[Given data Boundary: Start]

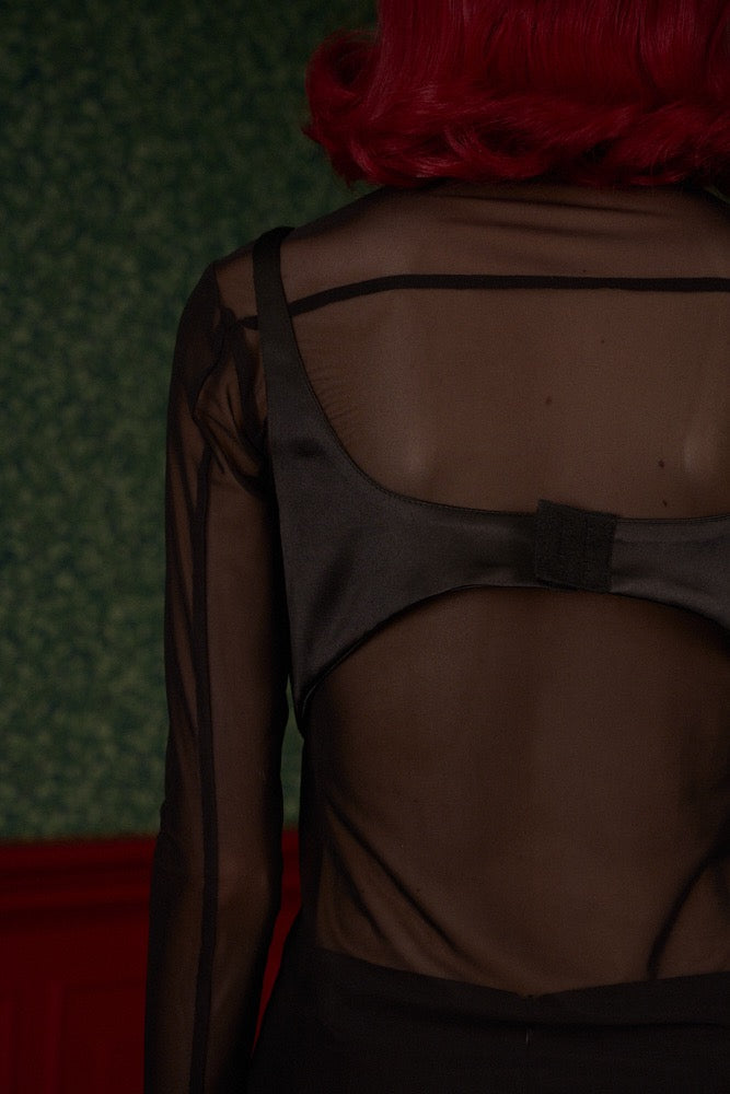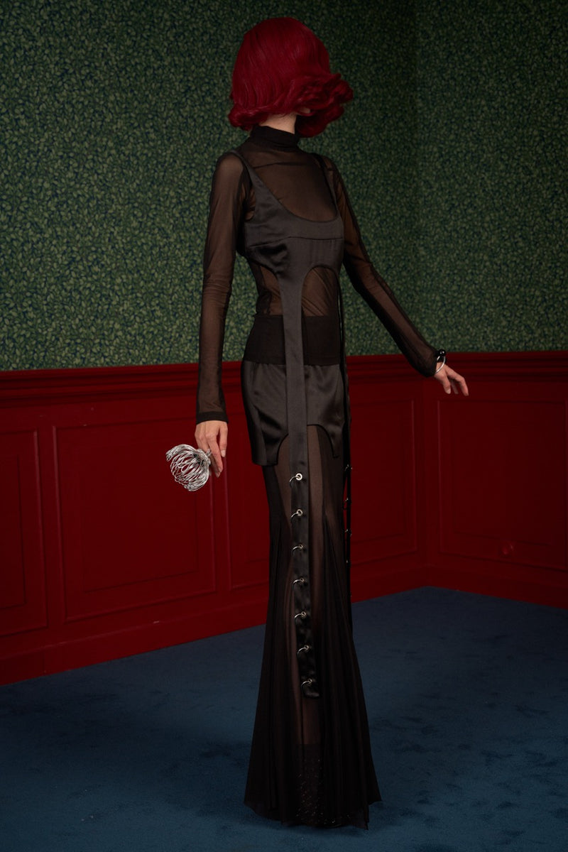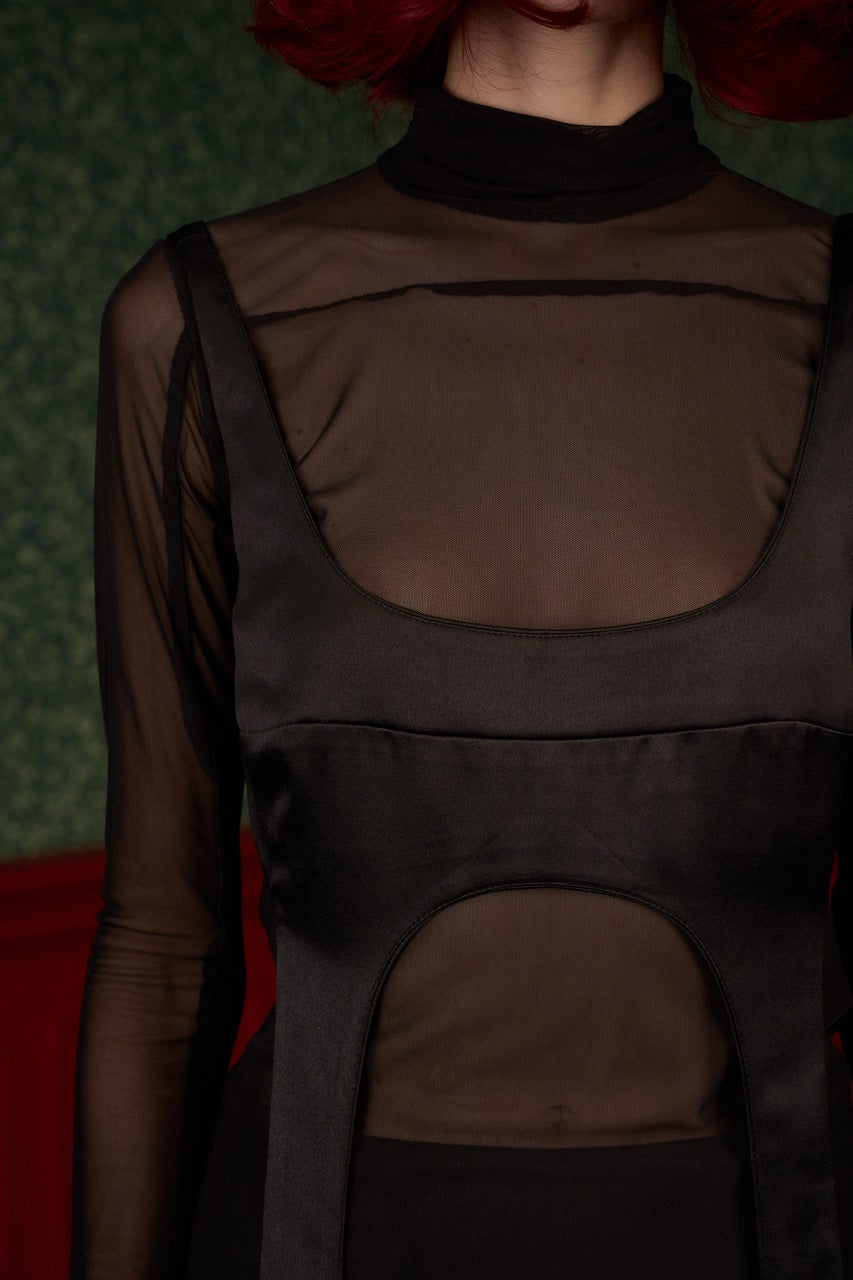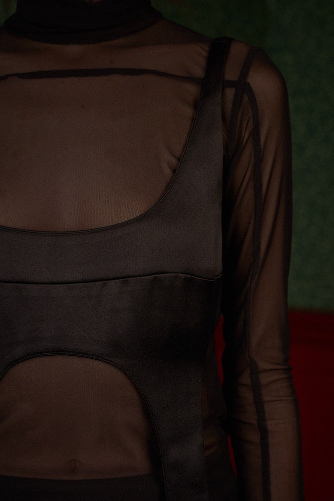 A bold duo of contrasts: a sheer mesh turtleneck that softly follows the body's contours, paired with a rich satin transformable top featuring long adjustable straps with metallic eyelets. You decide how to wear it — wrap the straps around the waist for a sculpted silhouette, tie them loosely for a flowing, dramatic shape, or let them hang free for effortless boldness. Every line, every seam is designed to celebrate the feminine form—the anatomical tailoring follows natural curves, enhancing the body with precision and sensuality.
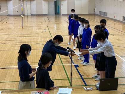 6月22日「生徒会朝礼1」 公開日 2020/06/22 更新日 2020/06/22 お知らせ 「Meet機能」による生徒会朝礼を実施しました。体育館では、前期常任委員長へ校長先生から「認証書」の授与と、生徒会長及び各委員長のあいさつがありました。
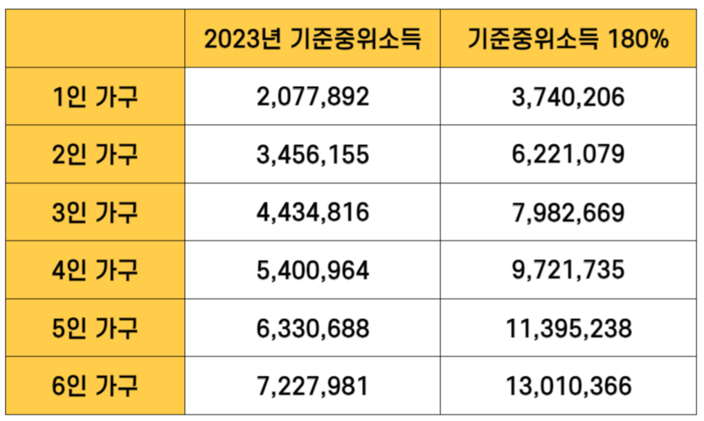 · 가구원 수에 따른 중위소득 180% 이하인 자
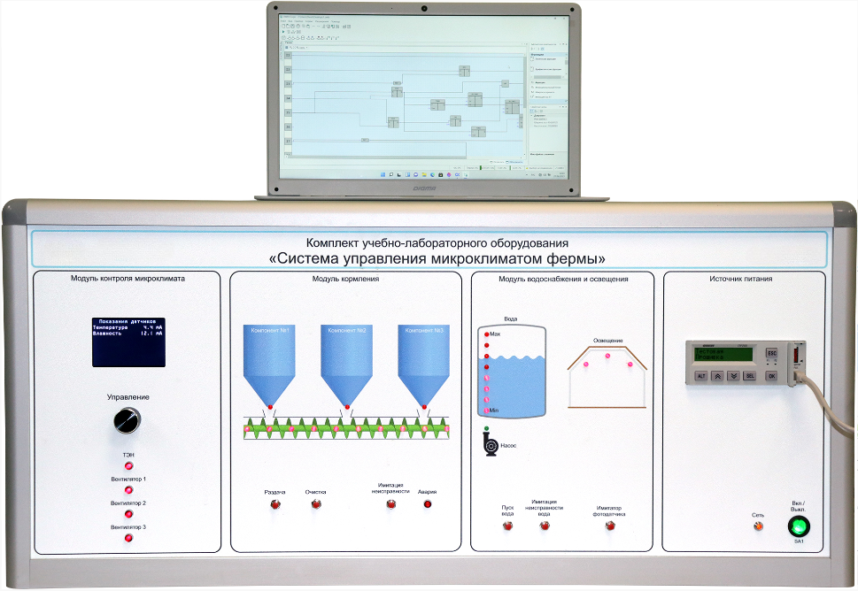 Комплект учебно-лабораторного оборудования «Система управления микроклиматом фермы» предназначен для проведения практических и лабораторных работ по изучению общего устройства и основных характеристик, принципов функционирования и режимов работы системы управления микроклиматом фермы.
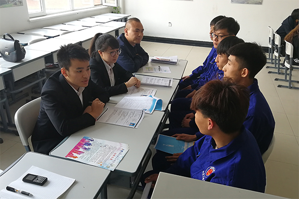 宣讲会期间,各公司人事部主管人员以ppt的形式就公司的规章制度、福利待遇、企业文化、现有产业结构、组织构架、人力资源政策等方面内容向同学们做了简单介绍,并现场解答了同学们的疑问。让同学们充分了解企业同时选择适合的实习单位。宣讲会结束后,有序组织学生进行面试。学生们都手持自己精心准备好的自荐书和简历,积极与招聘人员交流,根据企业的岗位设置有针对性的选择面试。部分企业在面试后进行了二次面试,舒峻峰老师陪同进入学生前往企业进行面试。
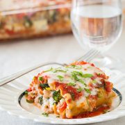 Spoon 1 Tbsp of the red sauce evenly over veggies (along length of lasagna). Roll lasagna up, while covering sides as needed to prevent filling from spilling out sides (they will be pretty full). Transfer to baking dish placing roll ups side by side.
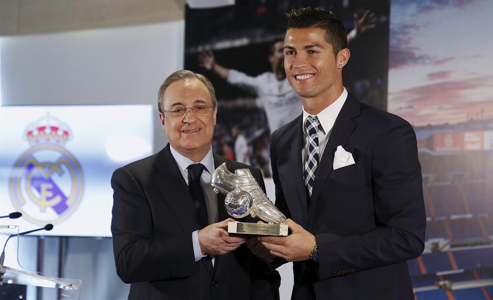Ronaldo'ya top ve ayakkabının yer aldığı bir plaket veren Perez, şöyle konuştu:
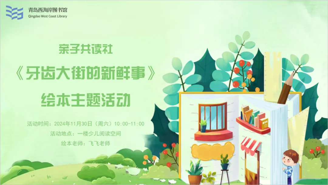 11月30日(本周六),青岛西海岸图书馆邀请高级家庭教育指导师飞飞老师,开展《牙齿大街的新鲜事》绘本主题活动。
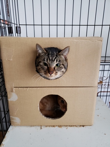 | 特徴(性格など) | ●猫の種類 茶トラ(オス) ・ グレサバ(オス) ●現在の健康状態 良好 ●日頃の様子 グレサバは好奇心旺盛で動きも早くヤンチャな子です 茶トラは慎重派でグレーの動きを観察して行動します |
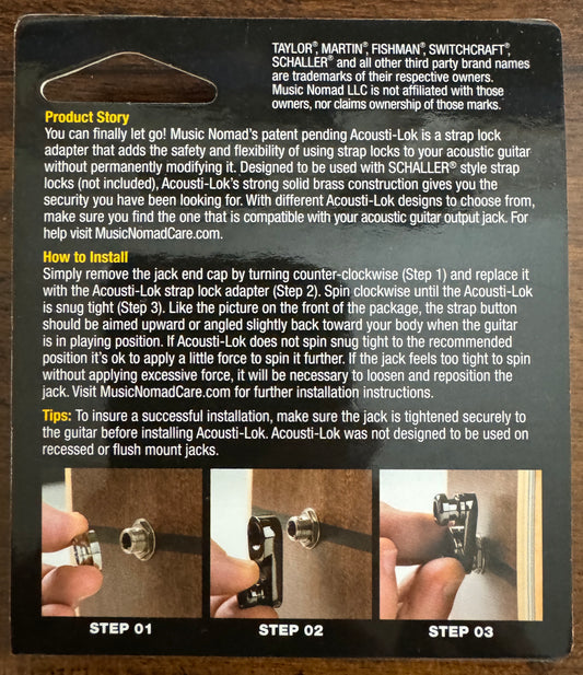 Music Nomad: Acousti-Lok Strap Solution for 3 Screw Output Jacks & End Pins MN273
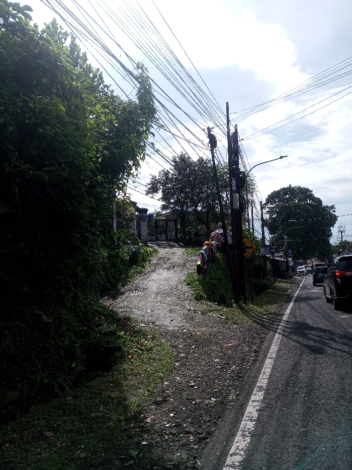 The image captures a daytime scene in the city of Domphoog_Dungkarchhoeling, Bhutan, under a partly cloudy sky. The left side of the frame is dominated by a dense, dark green mass of foliage, ascending from the lower left. An unpaved or gravel path, light gray in color and marked with scattered debris, originates from the lower-center and curves upwards towards a dark metal gate flanked by two light-colored masonry pillars, positioned in the middle ground. To the right of the ascending path, a cluster of dark utility poles stands vertically, supporting numerous black electrical or communication wires that crisscross extensively across the sky. A modern-style streetlamp extends from one of these poles, pointing right. Below the poles, a yellow diamond-shaped road sign with a black downward-right arrow is visible. The right side of the image features a two-lane asphalt road with a continuous white solid line marking its right edge, receding into the distance. A line of vehicles is present on this road, with the closest being a dark-colored SUV or similar vehicle partially visible in the mid-right. Further vehicles are less distinct, indicating active traffic. Sparse grass and vegetation are present along the road shoulders and the ascending path. A collection of colorful, possibly textile, refuse is accumulated near the base of the utility poles on the right side of the ascending path. No individuals are discernible within the frame.
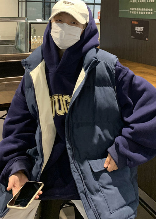 Boutique Navy Oversized Pockets Fine Cotton Filled Men Parkas Winter TK019
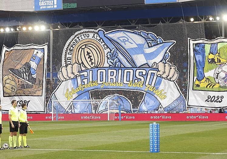 El último tifo de una temporada memorable en MendizorrozaDiez murales fastuosos distinguen a la afición del Alavés por encima del resto
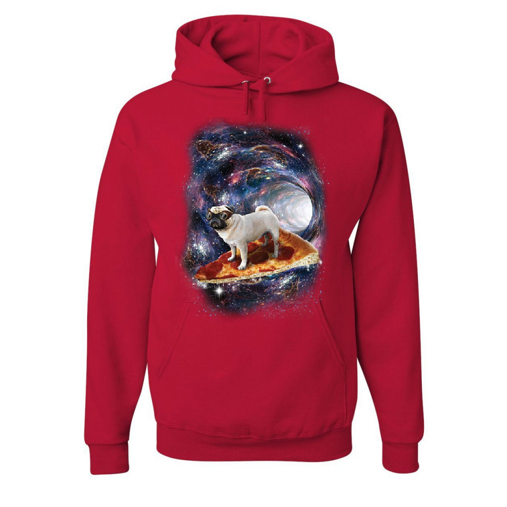 PUG SPACE PIZZA SURFER hoodie weird goggles galaxy dog lovers sweatshirt red
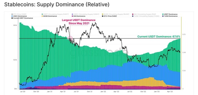 USDT продолжает наращивать долю рынка среди остальных стейлкоинов. На данный момент доминирование USDT на рынке оценивается в 67.6% —- Glassnode
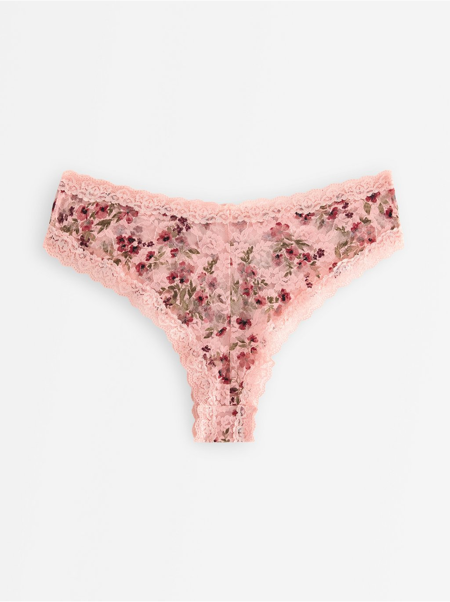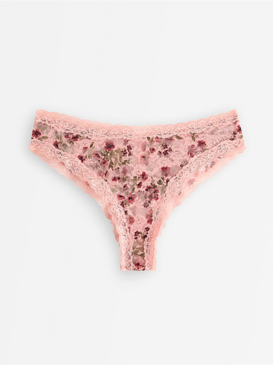 Brazilian briefs in lace with flowerprint. Lined crotch Midi waist Contains 51% recycled polyamide 87% pólýamíð 13% elastan
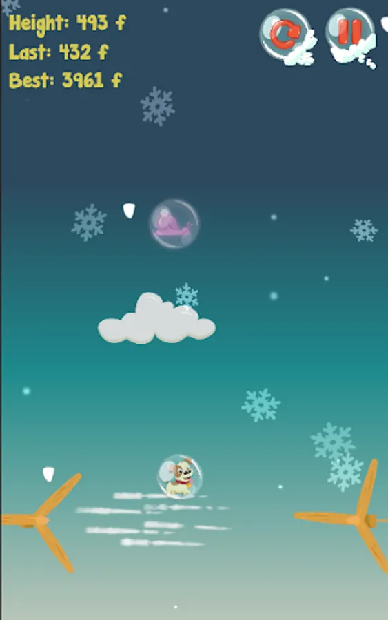 In this snowy theme go skyward as high as you can , avoiding the falling snowballs by controlling the fans to protect bubble not to burst up.
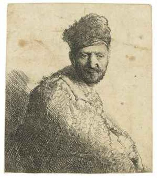 | A Bearded Man, in a Furred Oriental Cap and Robe: The Artist's Father (Bartsch, Hollstein 263; Hind 53) | |
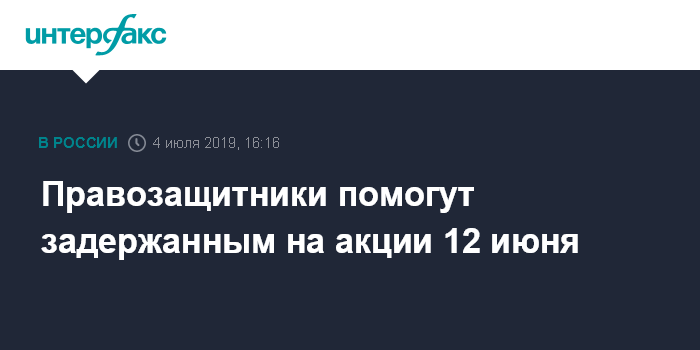 Москва. 4 июля. INTERFAX.RU - Правозащитники из центров "Мемориал" и "За права человека", "ОВД-Инфо" и Московской хельсинской группы запустили проект по защите задержанных на акции в поддержу журналиста "Медузы" Ивана Голунова 12 июня.
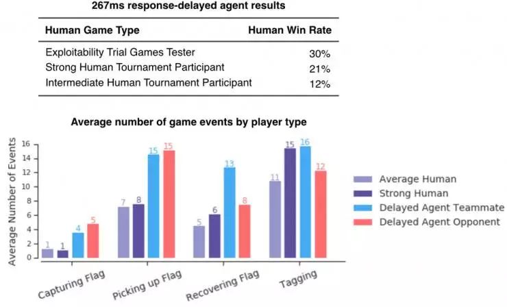 人类玩家在反应延迟的智能体面前,其胜率也很低,这说明即使反应延迟的时间与人类相当,智能体也比人类玩家表现好。除此之外,通过观察人类玩家和反应延迟的智能体的玩游戏情况,我们可以看到二者发生攻击事件的数目相当,说明这些智能体在这个方面与人类相比并不具有优势。

[Given data Boundary: End]

§ Exercise instructions: The lines from the one containing "Hind 53) | |" through the last line above are to be repeated exactly, and only those. Any pictures must be left out.

§ The answer:
 | A Bearded Man, in a Furred Oriental Cap and Robe: The Artist's Father (Bartsch, Hollstein 263; Hind 53) | |
 Москва. 4 июля. INTERFAX.RU - Правозащитники из центров "Мемориал" и "За права человека", "ОВД-Инфо" и Московской хельсинской группы запустили проект по защите задержанных на акции в поддержу журналиста "Медузы" Ивана Голунова 12 июня.
 人类玩家在反应延迟的智能体面前,其胜率也很低,这说明即使反应延迟的时间与人类相当,智能体也比人类玩家表现好。除此之外,通过观察人类玩家和反应延迟的智能体的玩游戏情况,我们可以看到二者发生攻击事件的数目相当,说明这些智能体在这个方面与人类相比并不具有优势。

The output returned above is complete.